The museum had already intervened on the green pass issue with a Facebook post, unsigned (thus an expression of the entire facility), last August 5: “Who gets to decide which individuals can benefit from a service, not the modalities but the eligibility itself?” the Ortigia-based institute wondered. “In this specific case, of a service unanimously considered fundamental to the development of the identity of individuals and peoples. At this point, even the field of culture, inspired by the universal principles of sharing and horizontality of its goods, becomes, in one sense or another, the site of a ’hierarchy,’ between the admitted and the non-admitted.”

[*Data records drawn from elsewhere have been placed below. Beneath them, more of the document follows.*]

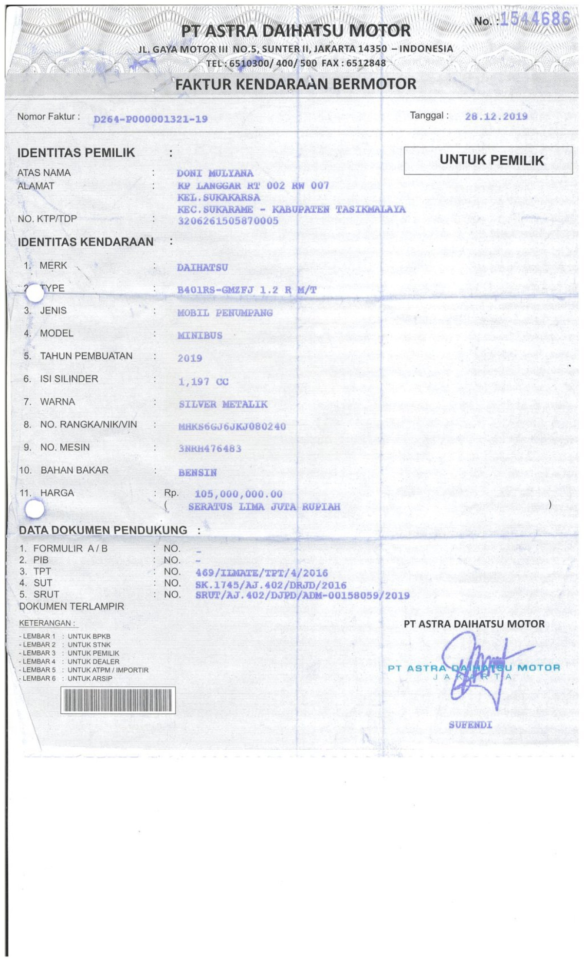 | KWT Blangko | : | Tidak Ada |
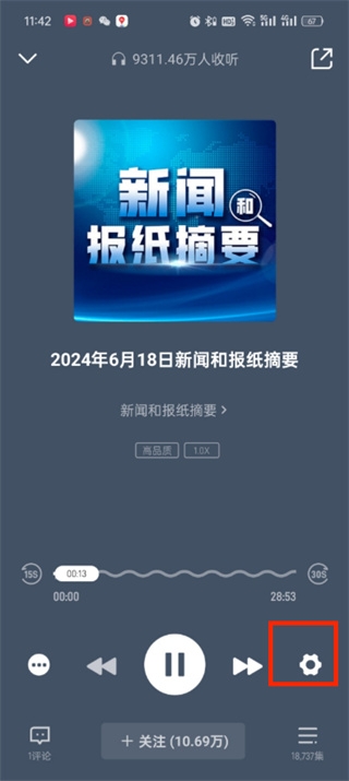 2. 进入播放页面后,您会看到多个功能选项。请点击页面右侧下方的“设置图标”,以访问播放设置。
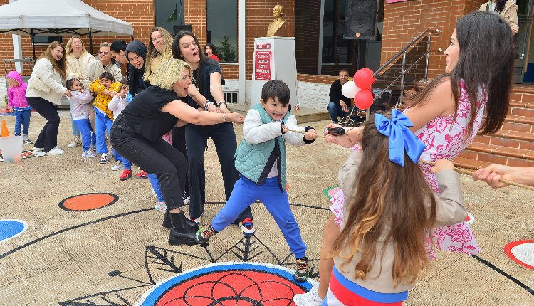 Ardından düzenlenen atölyede anneleriyle birlikte elma şekeri yapan çocuklar, daha sonra da bahçede halat çekme yarışması yaptı. Çocuklarla annelerinin sandalye kapma yarışması ise küçükler kadar büyükleri de güldürdü.
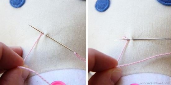 Для глаз нужно вырезать маленькие кружки и пришить мелкими стежками.
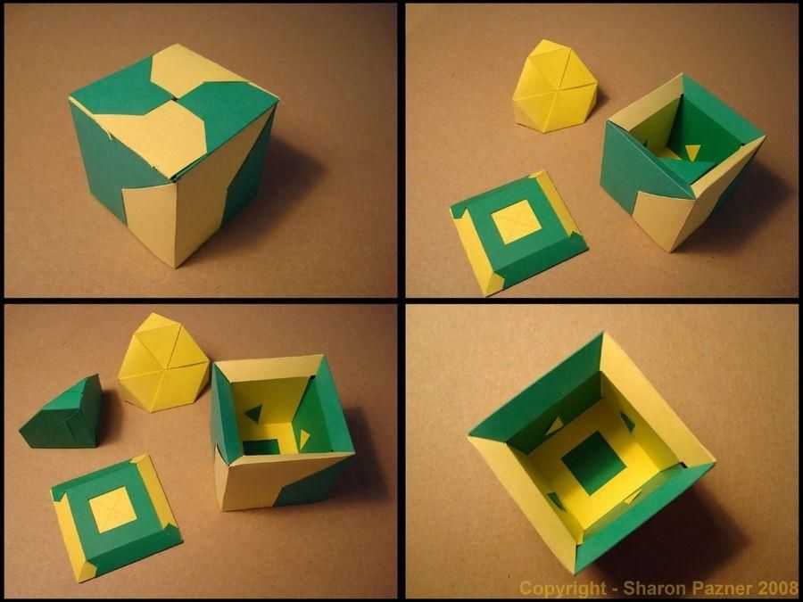 Как из бумаги сделать головоломку такого типа? Выбранная заготовка складывается в многогранник. Секторы, объединившись вместе, составляют определенный рисунок, когда игрушку выворачивают.
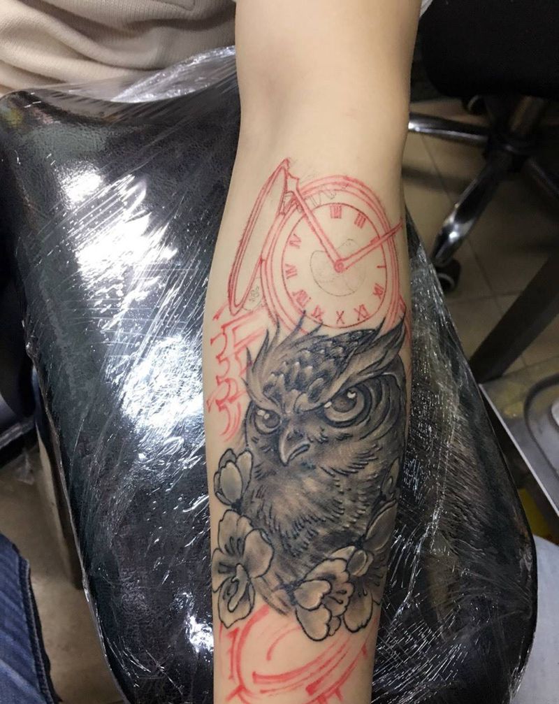 猫头鹰纹身图片_成品手臂动物纹身图案
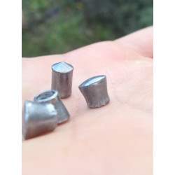 "Podemos ver un balín nuevo y otro disparado desde 20 m a una chapa gruesa.(Con 24 j) Es impresionante la espansión de este balín. Recomiendo si quieres partir el blanco por la mitad!! "
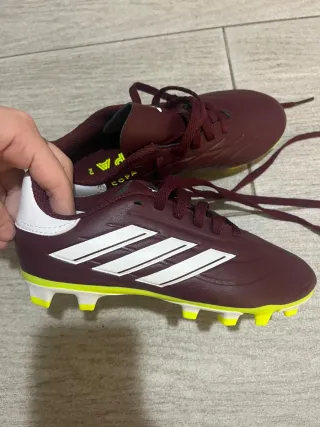 Botas de fútbol Adidas Copa Pure en color burdeos. - Diseño con tres franjas blancas. - Cierre de cordones. - Suela para césped artificial o natural. Están nuevas sin estrenar TALLA 31

Capizzi has now returned to the subject: “This space in the heart of Ortigia, a crossroads of peoples and history,” he told Ansa, “is inspired by the universal principles of every place of culture, and of Archimedes and Leonardo in particular, namely the sharing and horizontality of one’s goods and knowledge, and it cannot be made, in one sense or another, a detector of hierarchies between the admitted and the non-admitted. If this is bound to happen I am ready even to close down.”
“Without going into the purpose the government intended,” adds the director of the Archimedes and Leonardo Museum, “I would like to remind everyone that museums are by their very vocation places of inclusion and that equal access to art and culture is a right of all. By the way, we have made significant investments in terms of security: sanitization, masks, one-way paths with restricted entrances, spacing that would then be totally unnecessary? In a place, moreover, where, alas, there is never the crowding of shopping malls and where people mostly stay in silence and in small groups to admire what the greats of the past have bequeathed to us. The Archimedes and Leonardo Museum is fresh off a weekend, at a vacation time to boot, that was disheartening to say the least. With numbers almost cut in half compared to previous weekends.”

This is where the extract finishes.